Para Balmes lo importante es la adecuación del documento escrito a la realidad de la nación y a su historia. Ve la Ley Fundamental, como la Constitución británica, «como un árbol antiguo, que tiene ya en el suelo asiento anchuroso y raíces profundas y dilatadas; robusta entonces por sí misma, venerable por su antigüedad, nutrida con el jugo del propio terreno». Frente a ella, una «constitución reciente» se presenta como débil y es incapaz de inspirar en los pueblos la veneración de la primera, más si había nacido ya entre la discordia.
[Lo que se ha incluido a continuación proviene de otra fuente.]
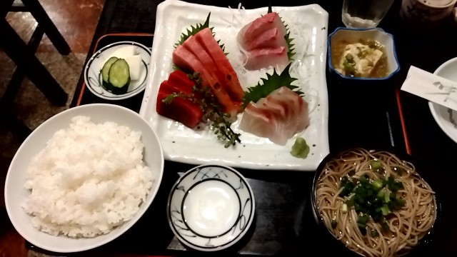 ①まぐろ・かんぱち・甘えび刺身お造り3点盛り+鯛刺身お造りサービス 990円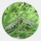 Esta hoja de pegatinas redondos muestra una hermosa foto de un balanceo de la mosca Crane sobre algunas hojas de pasto. La fotografía es tan detallada que se puede ver el detalle intrincado en las alas de las criaturas y sus piernas completamente extendidas que hacen que algunas personas teman por ello.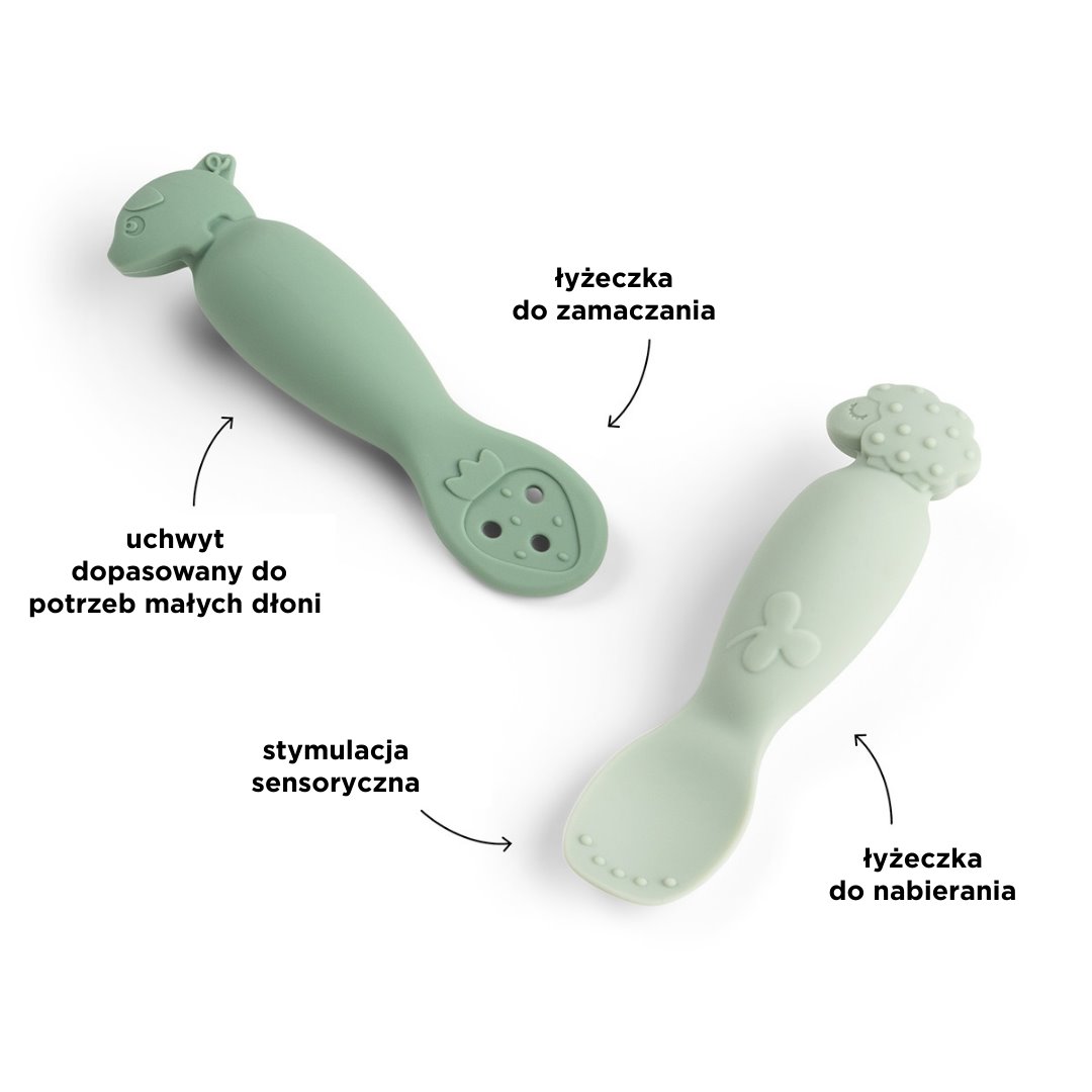 - miękkie łyżeczki idealne do nauki jedzenia we własnym tempie,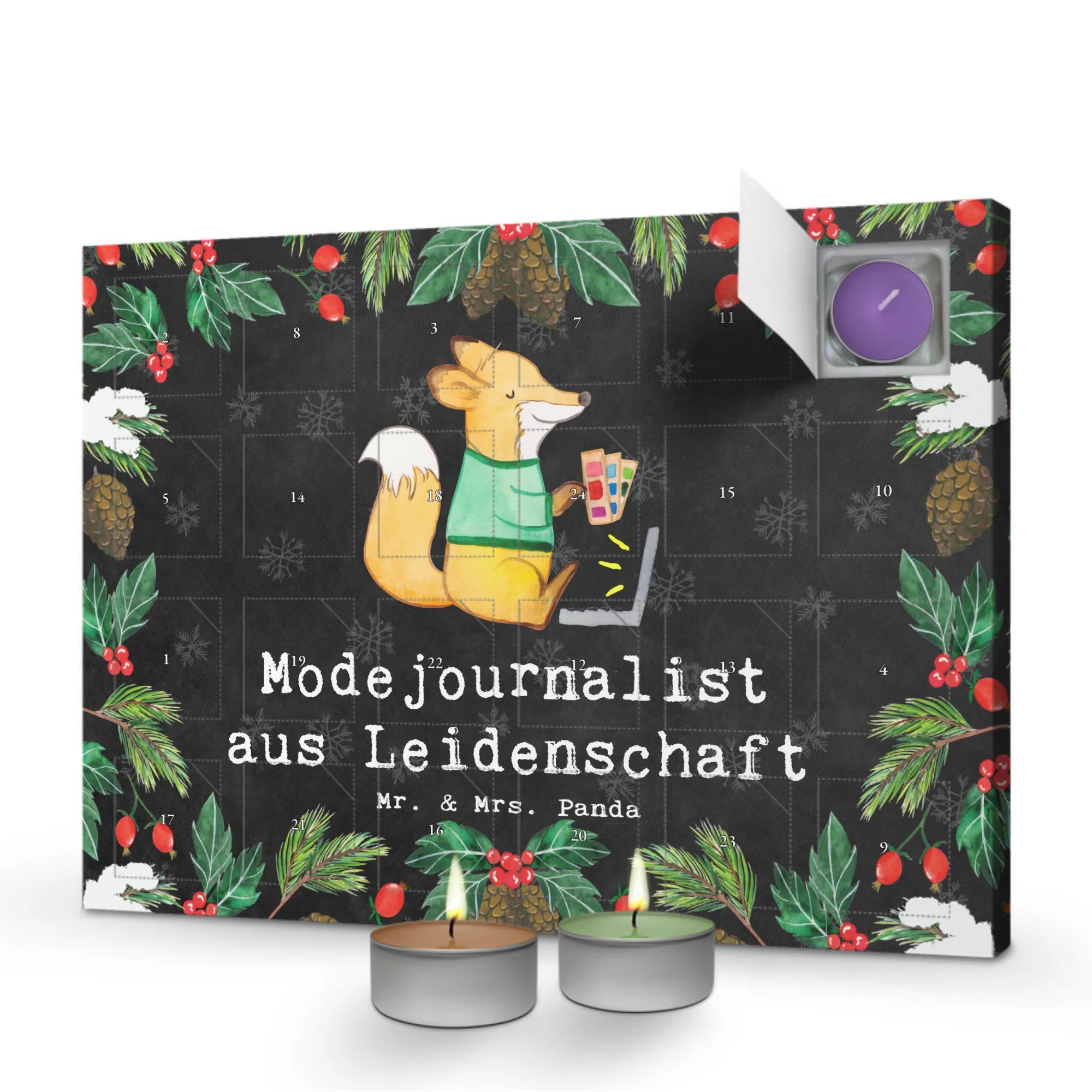 Der Duftkerzen Adventskalender "Modejournalist aus Leidenschaft" von Mr. & Mrs. Panda ist das perfekte Geschenk für alle, die in der Welt des Journalismus, insbesondere in der Modebranche, tätig sind oder eine Vorliebe dafür haben. Dieser wunderschöne Adventskalender bringt nicht nur festliche Stimmung, sondern auch eine Prise Kreativität und Inspiration direkt in den Alltag.

Estamos ante un concepto histórico y sociológico –más que político- de constitución, no racional-normativo, el cual constituye la base y a su vez el límite de su idea constitucional, cuya superación no se produciría hasta el siglo XX.
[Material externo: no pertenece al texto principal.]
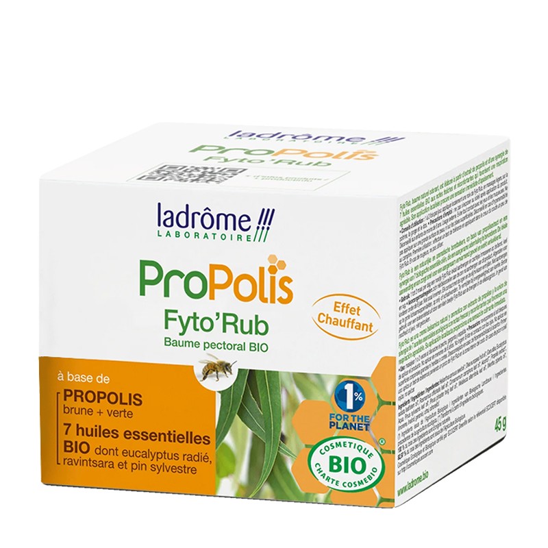 Съставки: прополис*, етерични масла от: евкалипт (лист), розмарин (лист), камфор (лист), равинцара (лист), бял бор, морски бор мента, чаено дърво, екстракт от мащерка, резене, ехинацея *от контролирано био земеделие.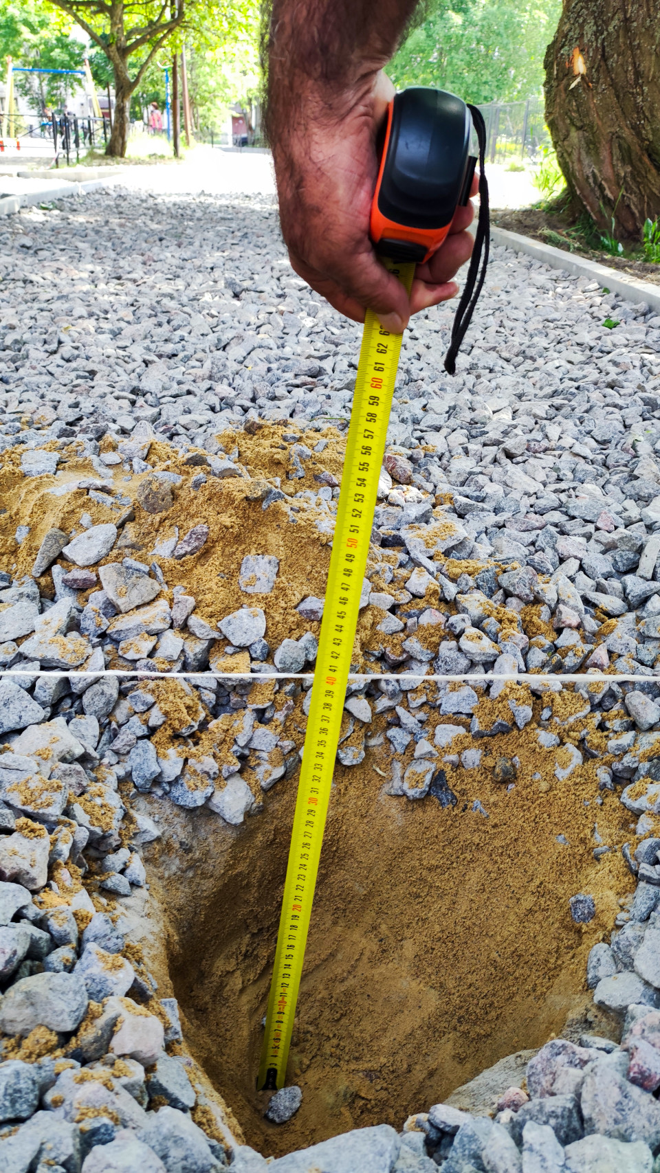 Крупный план ямы, засыпанной щебнем и песком, в которую опущена рулетка для фиксации глубины. Рука рабочего удерживает измерительный инструмент. Вокруг видны элементы натянутой шнурки для выравнивания. Изображение демонстрирует этап проверки подготовительных работ перед укладкой покрытия.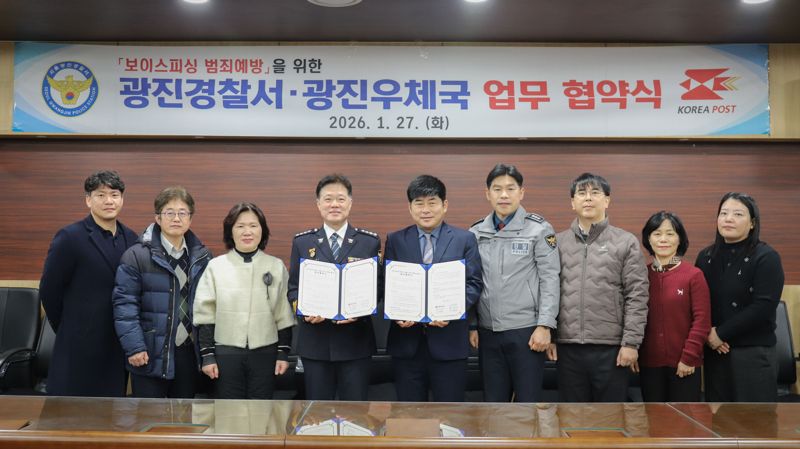 [파이낸셜뉴스] 서울 광진경찰서는 최근 지능화·고도화되고 있는 보이스피싱 등 민생 침해 범죄를 근절하기 위해 서울광진우체국과 업무협약(MOU)을 체결했다고 28일 밝혔다.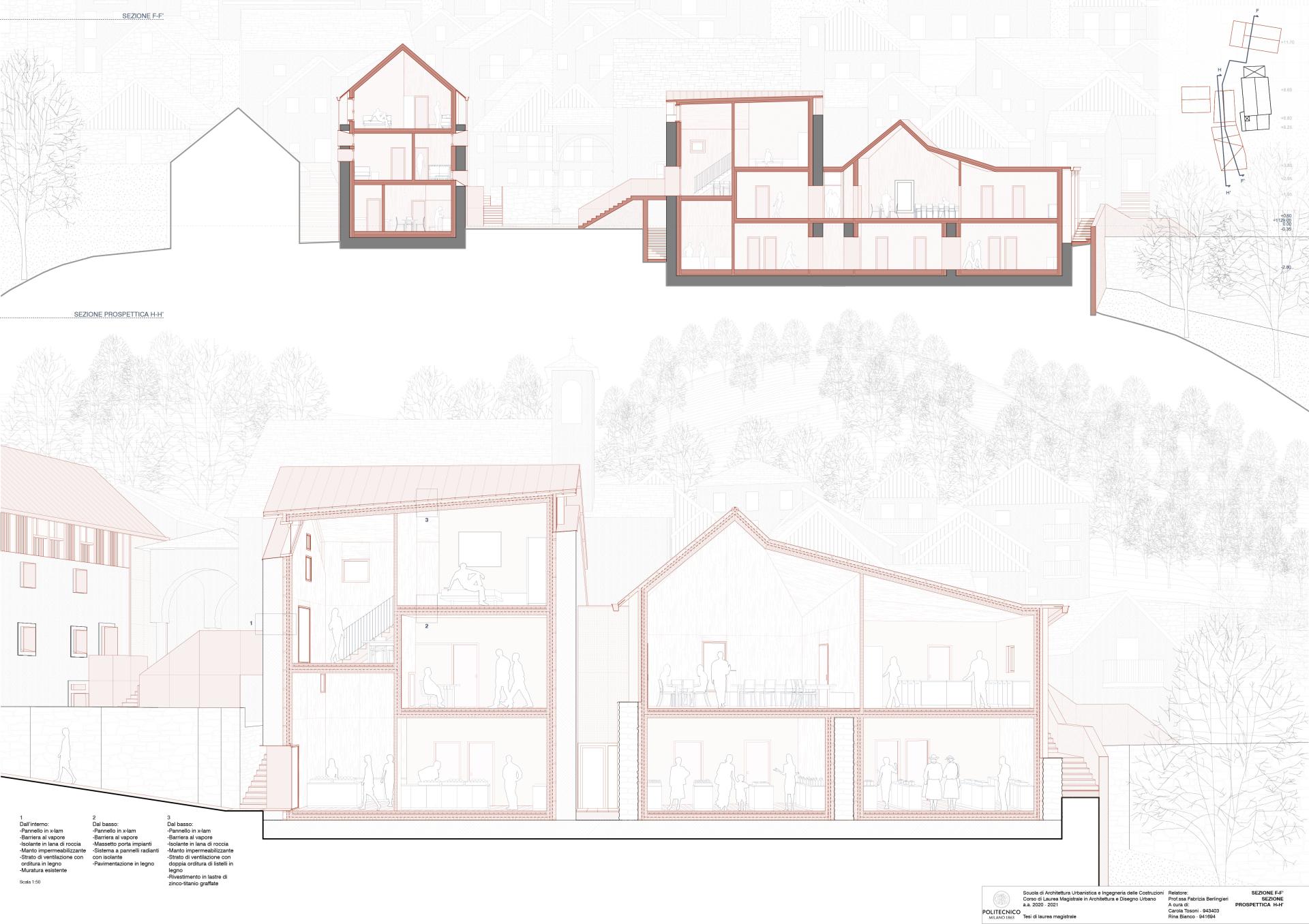 The project in these areas is aimed at the inclusion of these territories and the inhabitants of the valley within a development process that starts from local traditions and the enhancement of the historical and territorial heritage. It is a project that looks at the future and in line with this idea, the new buildings are designed with innovative and recognizable materials compared to the existing ones. In Pizzanco, wooden buildings are inserted within the existing walls, thus allowing energy efficiency. Wood is both a sustainable material and is consistent with the traditional materials of the place, even if re-proposed in an innovative way using xlam structures. In addition, wood has been approached with metal, which we find in roofing as a metal-seamed in titanium zinc allowing the coupling of solar panels.

A lo largo del s. XIX y buena parte del s. XX las ideas político-constitucionales de Balmes son invocadas por las distintas corrientes del conservadurismo: la tradicionalista, la católica, la reformista o la liberal, ante contextos y necesidades diferentes. Unos valoran su noción de monarquía templada o fuerte, distinta de la parlamentaria, el principio de autoridad en el Jefe del Estado o el catolicismo como ingrediente constitutivo de la sociedad española, como Pidal y Mon, Menéndez y Pelayo, Vázquez de Mella, Ángel Herrera, José María Gil Robles o Fernández de la Mora, por citar a algunos autores aludidos por González Cuevas en su historia de la derecha española. Fraga en 1981 subraya la necesidad de adecuar la realidad política a la realidad social y el reformismo. Por su parte, Lucas Beltrán sitúa a Balmes en la «tradición centrista catalana», junto a Capmany, Mañé y Flaquer y Cambó, y que echa en falta en la Cataluña de 1976 (y de ahora). Dicha tradición combina catolicismo y liberalismo, servicio a Cataluña y defensa de la unidad de España, espíritu conservador, que pone en valor tradiciones e instituciones vigentes, con necesidad de renovación frente al inmovilismo, y que articula idealismo con sentido pragmático o de la realidad.
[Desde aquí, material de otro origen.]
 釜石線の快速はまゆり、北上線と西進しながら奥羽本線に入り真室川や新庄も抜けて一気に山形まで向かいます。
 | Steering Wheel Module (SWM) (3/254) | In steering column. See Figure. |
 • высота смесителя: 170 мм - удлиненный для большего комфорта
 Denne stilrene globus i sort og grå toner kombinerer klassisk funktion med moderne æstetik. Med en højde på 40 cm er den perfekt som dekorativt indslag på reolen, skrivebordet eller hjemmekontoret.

Balmes, más allá de sus propuestas constitucionales concretas para la situación de su tiempo, invita al constitucionalismo actual, tan alejado de sus postulados teóricos y de aquella realidad, a una mirada abierta de las cuestiones constitucionales con un método realista, basado en los hechos más que en teorías o en la mera voluntad, Y a la política la búsqueda de un espíritu de conciliación y concordia en la comunidad política, en la que la Corona es una institución fundamental garante de la unidad y la estabilidad.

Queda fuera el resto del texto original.